2025 Reading Goals

I was hoping to get to the stats nerdery post today, but I took a nap this afternoon with a cat on my chest, so it’s just going to be this. 2024 was one of the heaviest reading years of my life, and it was a year with no particular reading goal beyond “whatever I want” and “clear my TBR shelf,” which not only never happened, it never came close to happening. I want next year to have a little bit more focus, and I’m going to throw one ridiculous challenge at myself in January just for the sheer hell of it.

Reading Goal the First: In January 2025, I will read all five of Brandon Sanderson’s Stormlight Archives books, plus the two supplemental novellas. That is, according to Wikipedia, 6,335 pages. I have read the first two books and part of the third. My guess is that if I can get through Oathbringer this time without the issues I had the last time I picked it up, I’ll be fine; 204 pages a day during a month where I have one three-day weekend and don’t have work until the 6th is not even a particularly demanding pace.

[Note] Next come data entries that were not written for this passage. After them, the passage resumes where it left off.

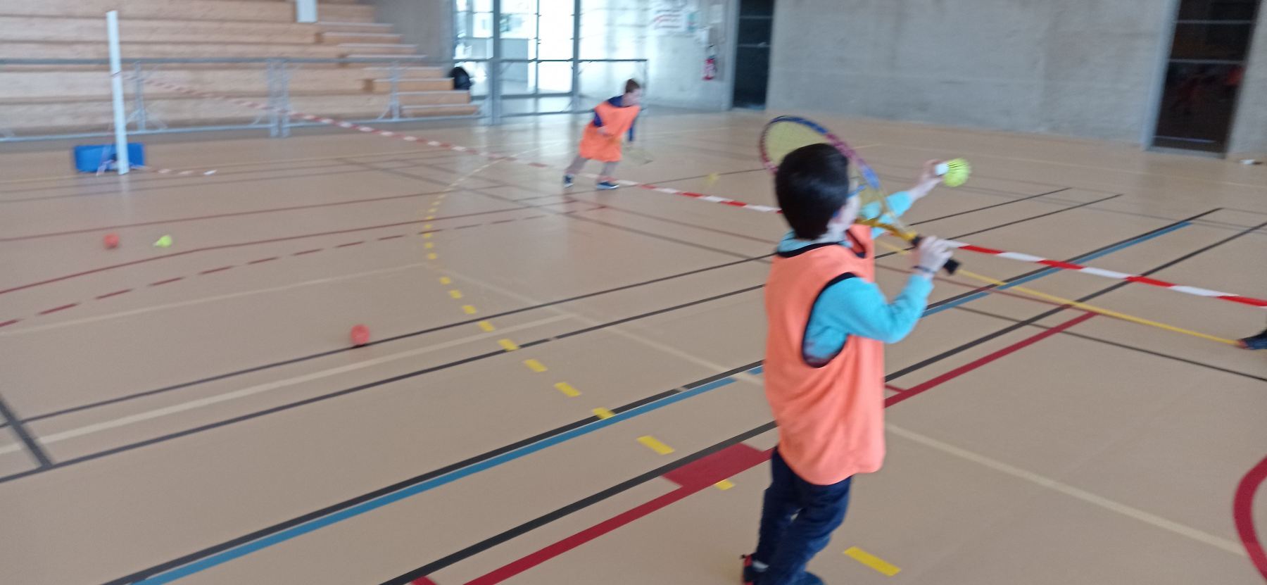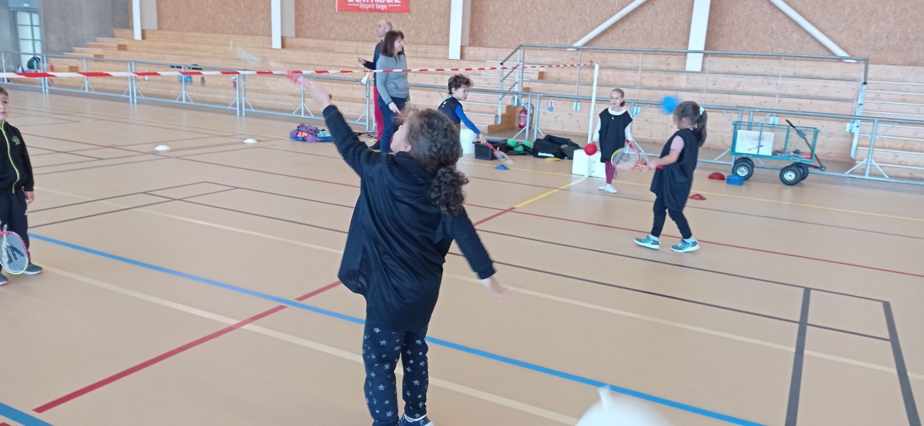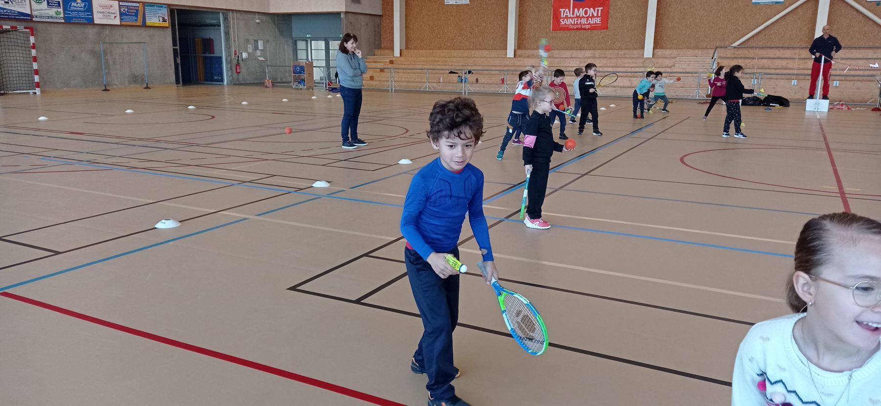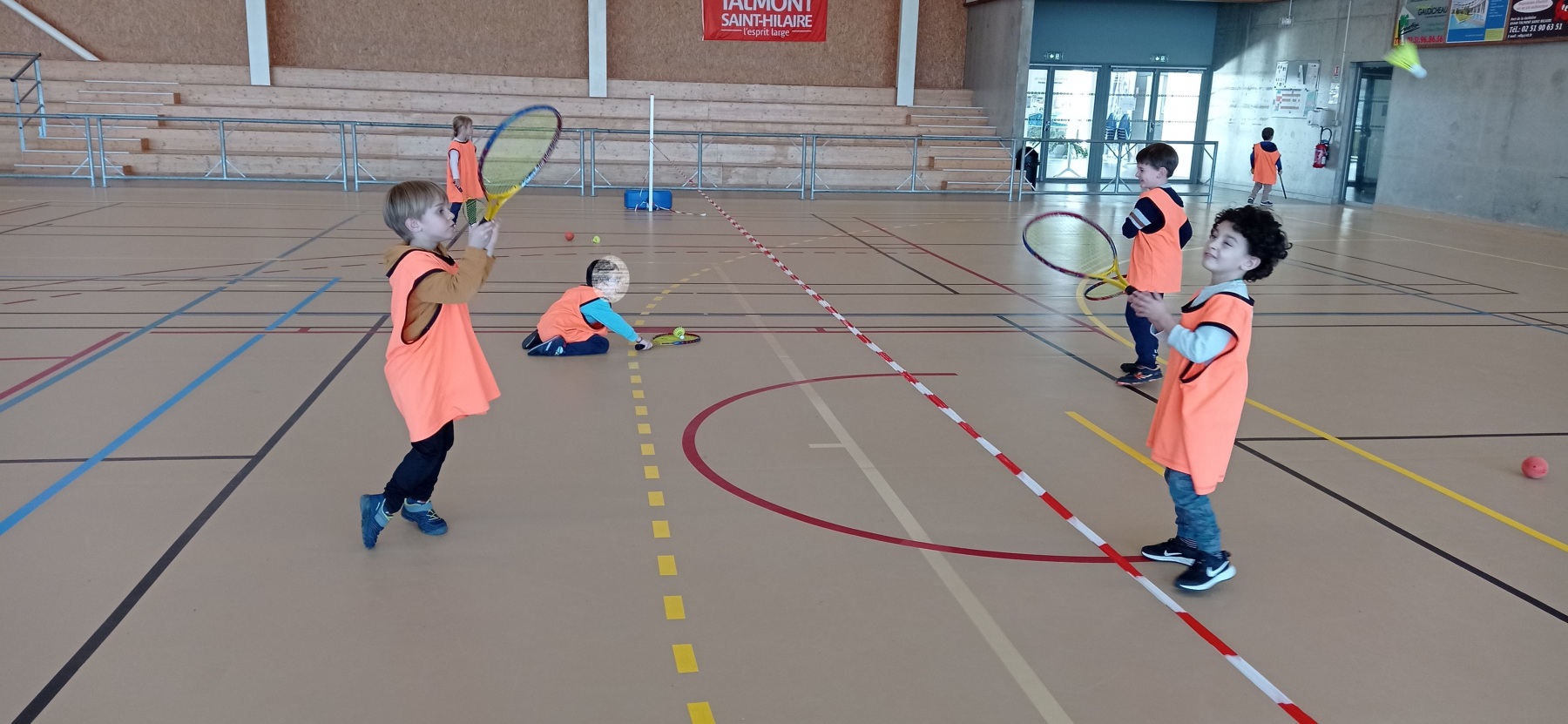Depuis la reprise des vacances de novembre, nous nous initions à différents jeux de raquettes: tennis, badminton…avec des balles, des volants et même des ballons gonflables!
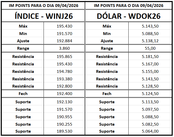 O mini-índice (WINJ26) encerrou a última sessão (08/04) em forte alta de 1,91%, aos 192.400 pontos, em um movimento expressivo, embora com devolução parcial ao longo do dia.
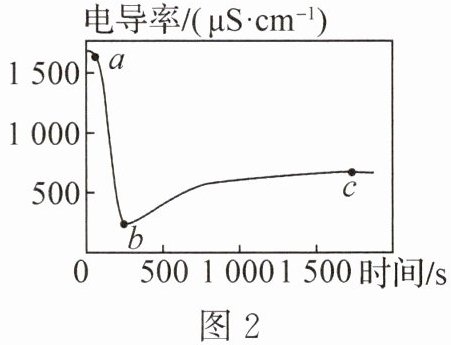12. (2025·江苏连云港模拟改编·2分)一定温度下,溶液的导电能力与离子的浓度和性质有关。进行图 1 实验,测得烧杯中溶液电导率变化如图 2 所示(忽略烧杯中溶液体积的变化)。下列有关说法不正确的是 (
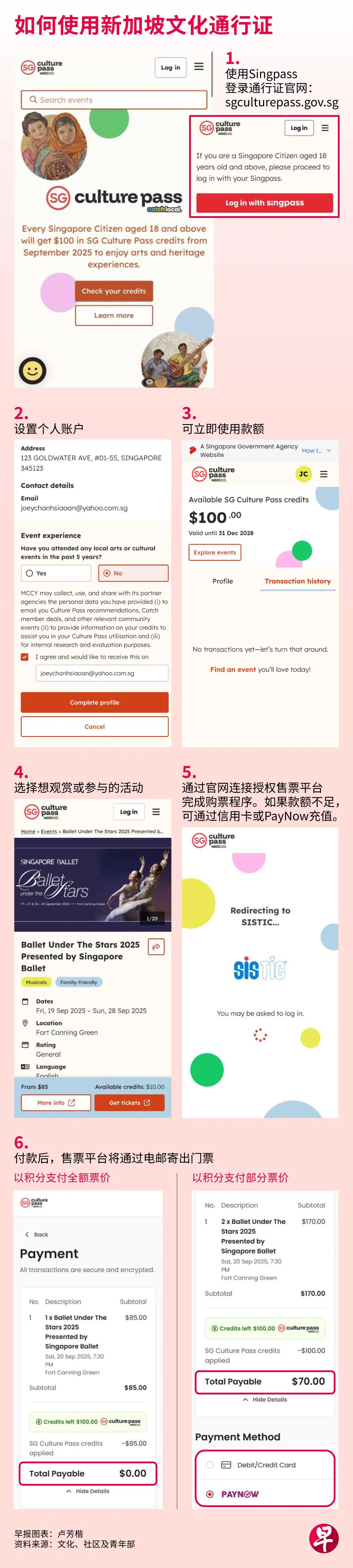 新加坡文化通行证计划9月1日启动,截至9月15日有超过32万名公民完成注册,在首两周内使用逾180万元的储值额度。
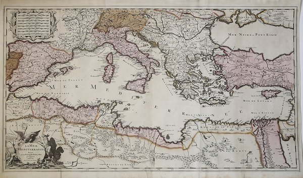Rara carta del Mediterraneo in due fogli di Gerard Valck, stampata ad Amsterdam alla fine del XVII secolo. Carta geografica pubblicata ad Amsterdam da Gerard e Leonard Valck, padre e figlio, ai primissimi del Settecento all'interno del loro ' Atlantis sylloge compendiosa or Nova totius Geographia. ' Di questo atlante, poco noto, si conoscono varie edizioni pubblicate tra il 1702 e il 1710 con un numero di carte variabile da 20 a 100. Si trova anche in: ' Nieuwe Atlas. di Johannes Covens e Cornelis Mortier del 1740 ?. Gerard o Gerrit Valck, o Valk o Valcke o Walck (Amsterdam, 1651 o 1652 – Amsterdam, 21 ottobre 1726), è stato un incisore, disegnatore, cartografo e mercante d'arte olandese. Si dedicò principalmente alla rappresentazione di soggetti di genere e alla realizzazione di ritratti. Collaborò con Abraham Bloteling, David Loggan, Peter Schenk (dal 1686) e, successivamente, con il figlio di quest'ultimo, Leonard e con il proprio figlio Leonard Valck (1675-1746). Pubblicò anche atlanti, carte geografiche, globi e serie di stampe con vedute di case della famiglia Orange-Nassau, mestieri, fontane, camini e uccelli. A partire dal 1695, per le sue stampe topografiche, utilizzò la tecnica di incisione ' a la poupée, che permetteva di realizzare stampe multicolori. Il 24 settembre di quell'anno, infatti, ottenne, assieme a Peter Schenk, un privilegio per poter eseguire stampe in bianco e nero e a colori. Per le sue stampe, però, non utilizzò solo lastre da lui incise, ma acquistò anche stampi di rame da altri editori, quali Johannes Blaeu e Nicolaes Visscher. Acquaforte con coloritura editoriale, in ottimo stato di conservazione. Rara. The map extends from the Straits of Gibraltar to Cypress and Haifa. Includes an allegorical title cartouche. Carta geografica pubblicata ad Amsterdam da Gerard e Leonard Valck, padre e figlio, ai primissimi del Settecento all'interno del loro ' Atlantis sylloge compendiosa or Nova totius Geographia. ' Di questo atlante, poco noto, si conoscono varie edizioni pubblicate tra il 1702 e il 1710 con un numero di carte variabile da 20 a 100. Si trova anche in: ' Nieuwe Atlas. di Johannes Covens e Cornelis Mortier del 1740 ?. Gerard o Gerrit Valck, o Valk o Valcke o Walck (Amsterdam, 1651 o 1652 – Amsterdam, 21 ottobre 1726), è stato un incisore, disegnatore, cartografo e mercante d'arte olandese. Si dedicò principalmente alla rappresentazione di soggetti di genere e alla realizzazione di ritratti. Collaborò con Abraham Bloteling, David Loggan, Peter Schenk (dal 1686) e, successivamente, con il figlio di quest'ultimo, Leonard e con il proprio figlio Leonard Valck (1675-1746). Pubblicò anche atlanti, carte geografiche, globi e serie di stampe con vedute di case della famiglia Orange-Nassau, mestieri, fontane, camini e uccelli. A partire dal 1695, per le sue stampe topografiche, utilizzò la tecnica di incisione ' a la poupée, che permetteva di realizzare stampe multicolori. Il 24 settembre di quell'anno, infatti, ottenne, assieme a Peter Schenk, un privilegio per poter eseguire stampe in bianco e nero e a colori. Per le sue stampe, però, non utilizzò solo lastre da lui incise, ma acquistò anche stampi di rame da altri editori, quali Johannes Blaeu e Nicolaes Visscher. Acquaforte con coloritura editoriale, in ottimo stato di conservazione. Rara. Cfr.

That said, shit happens. We’ll see if I can pull this off.

Reading Goal the Second: Setting a number of books goal is almost meaningless at this point, but let’s go with 100 again. Most years I don’t have to push too much to hit that number, and unless I rediscover some other hobbies I’ll blow it away again, but I don’t want to set it so high that I start adjusting what I’m reading to hit a number. That said …

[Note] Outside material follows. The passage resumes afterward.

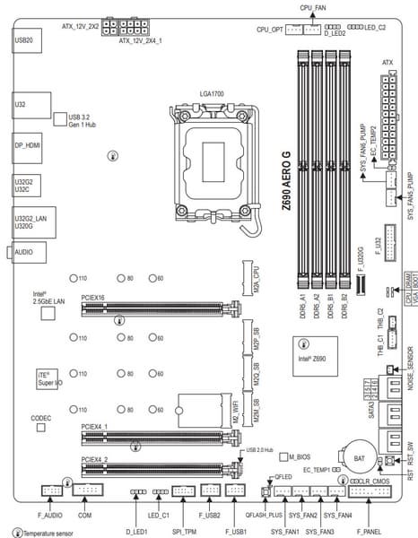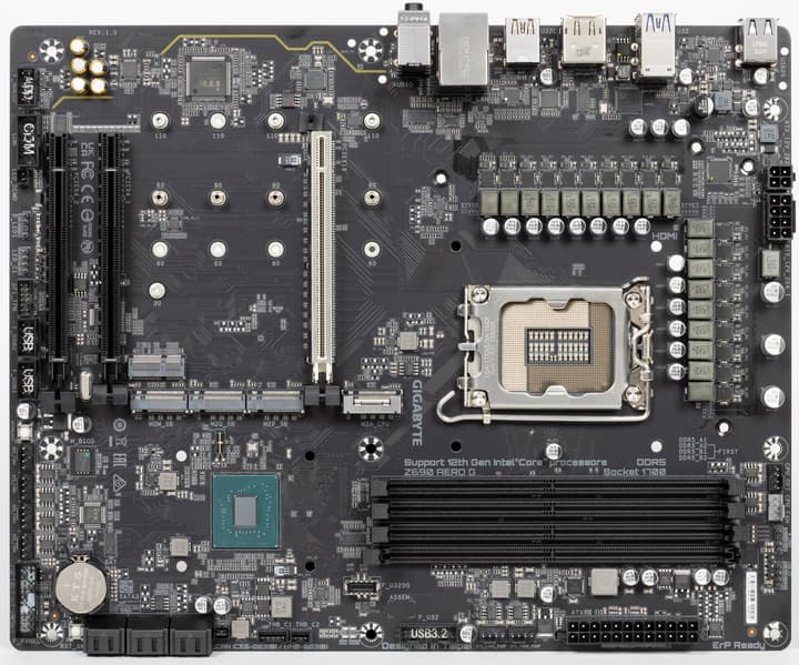 Форм-фактор ATX имеет размеры до 305×244 мм, а E-ATX — до 305×330 мм. Материнская плата Gigabyte Z690 Aero G имеет размеры 305×244 мм, поэтому выполнена в форм-факторе ATX, и на ней имеются 9 монтажных отверстий для установки в корпус. Однако следует иметь в виду, что одно из девяти монтажных отверстий перекрыто радиатором для слота M.2.
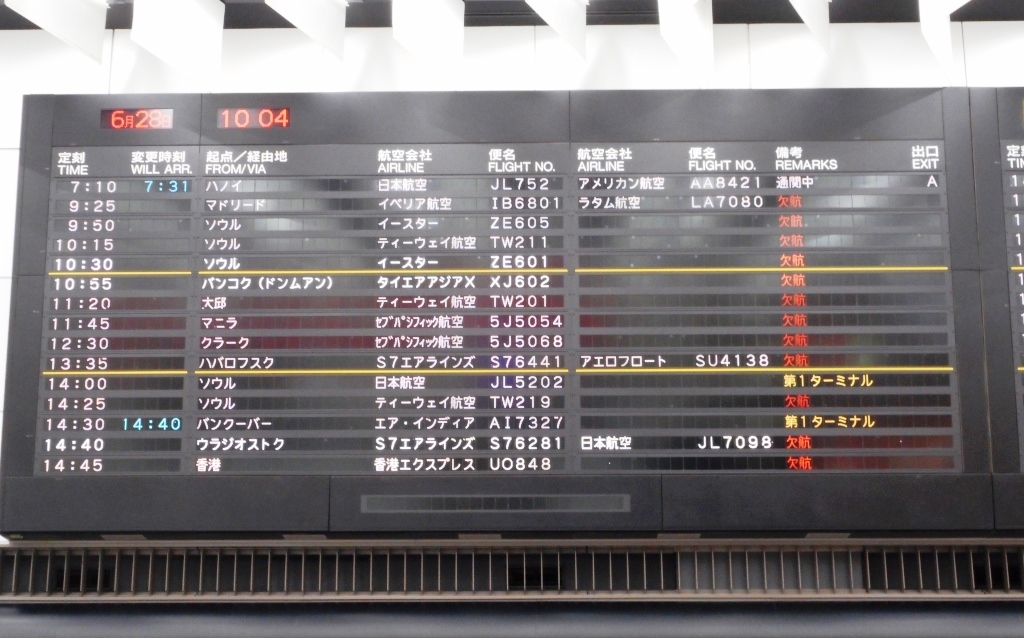 国内線も、2タミを使う日航の便は、全て欠航中。(6月28日現在)

Reading Goal the Third: At least 22 nonfiction books over the course of the year. Why 22? That’s two a month if you ignore January. I may adjust this after I look a little bit more closely at what I read in 2024; I’m pretty sure I didn’t read that many nonfiction books this year and I want to up the number somewhat.

Reading Goal the Fourth: At least six of those 22 books must be about teaching and, ideally, teaching math. I joined the National Council of Teachers of Mathematics this year and one of the benefits of that membership is deep discounts on their professional library, which is good; that said, these books tend to be hellaciously dry so I’m not going to commit to too much. Six is one every other month. That’s not bad at all.

Oh, and one more thing: Starting with January 1st, I’m going to start looking into moving away from housing everything at Goodreads. I’m going to start simultaneously recording my reading on Goodreads, Storygraph and Bookly, and we’ll see which app wins out. Right now Storygraph looks pretty cool because it appeals to the numbers nerd in me and there appear to be a thousand ways to generate charts and spreadsheets and such from your reading, and really, if you can’t make a spreadsheet out of something, is it even worth doing? I’ll report back on this as I get into what the different apps can do.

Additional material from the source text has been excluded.